BEGIN Data for this task
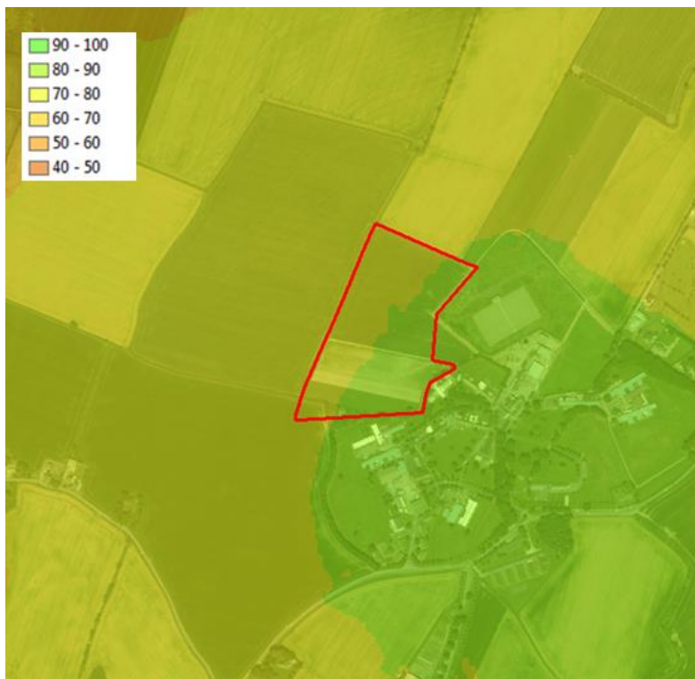
Figure 2.1 –TPR Site Elevation Map

The ground, where the TPR is proposed to be sited, is gently sloping from east to west (see Figure 2.1); and could be readily integrated into its environs similarly to the existing facility.
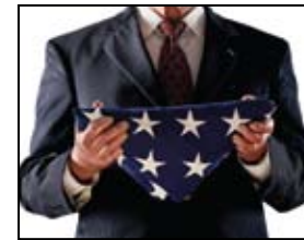
Flag featured on page 13
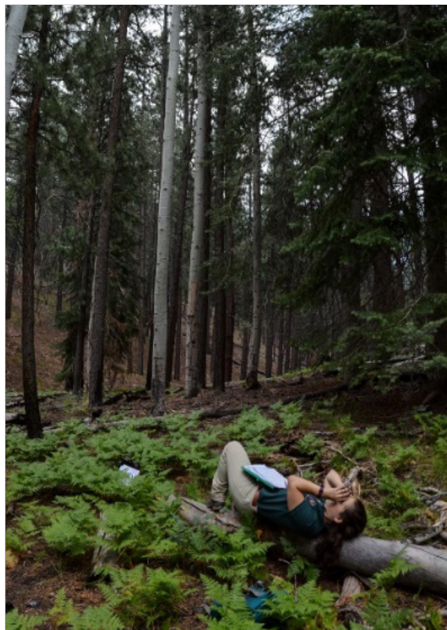
Phenology data was collected on the Quaking Aspens twice per week at the North Rim. NPS Image
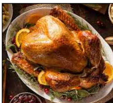
TURKEY INDYK PERÚ CURCAN
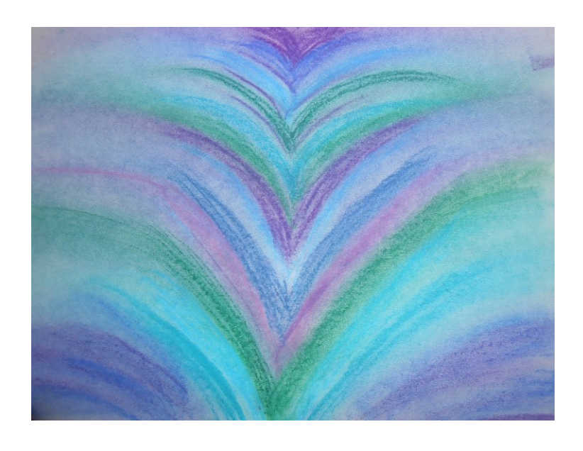
Trust . Feb, 2017
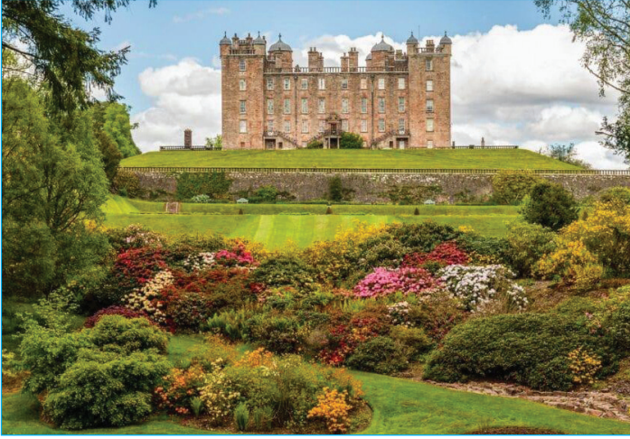
June bloom at Drumlanrig Castle near Thornhill

Royal Scottish Country Dance Society Los Angeles Branch
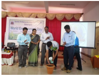
Guests inaugurating the programme by watering the plant
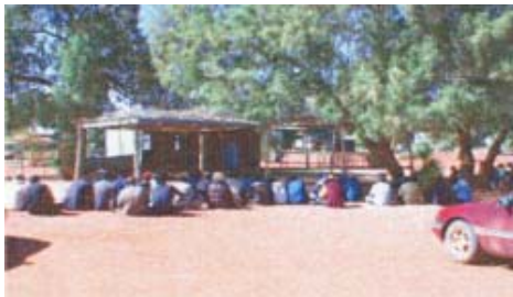
Men at morning Men's meeting
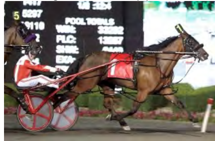
Big McDeal is among the horses scheduled to be sold Monday at the Meadowlands

The Supplement Catalog and updated racelines for the Meadowlands January Select Mixed Sale are now available on the Tattersalls website, www.tattersallsredmile.com , and on the Equineline sale catalog app for the iPad. The printed supplement catalog will be available
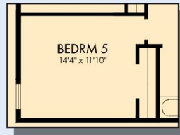
OPTIONAL BEDROOM 5 AT HOBBY
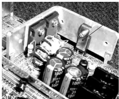
TK/TN mounted vertically
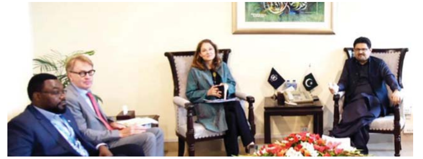
Princess of Jordan H.R.H. Sarah Zeid Raad-World Food Programme (WFP), Special Advisor on Maternal & Child Health and Nutrition called on Federal Minister for Finance and Revenue, Mr. Miftah Ismail at Finance Division, Islamabad on Thursday.

"Qatar would make investments in the freight cargo terminal of Port Qasim. Doha is also willing to make investments in shares of the stock market. Moreover, Qatar is mulling over giving employment to 200,000 Pakistanis," said Miftah Ismail. Finance Minister for Finance and Revenue Miftah Ismail on
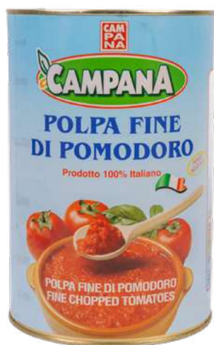
Fine Cut Tomato Pulp
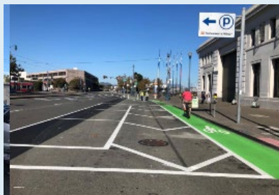
Vision Zero Quick Builds
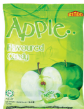
Q. Green Apple Flavoured Candy
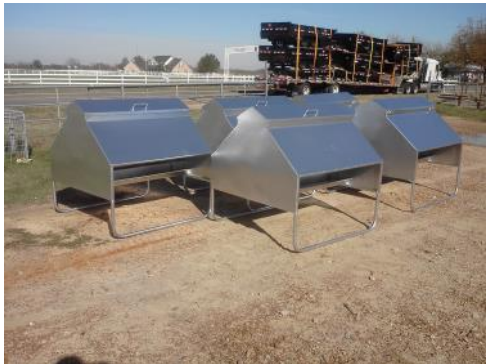
GCFE - Double sided feeder for sheep and goats, lower clearance to prevent pawing at troughs and to keep rain out of troughs
END Data for this task
▶ _Required action_: Up to and including the line containing "Guests inaugurating the", repeat every line from the start of the data, but none of the pictures.

▶ _Result of this exercise_:
Figure 2.1 –TPR Site Elevation Map

The ground, where the TPR is proposed to be sited, is gently sloping from east to west (see Figure 2.1); and could be readily integrated into its environs similarly to the existing facility.
Flag featured on page 13
Phenology data was collected on the Quaking Aspens twice per week at the North Rim. NPS Image
TURKEY INDYK PERÚ CURCAN
Trust . Feb, 2017
June bloom at Drumlanrig Castle near Thornhill

Royal Scottish Country Dance Society Los Angeles Branch
Guests inaugurating the programme by watering the plant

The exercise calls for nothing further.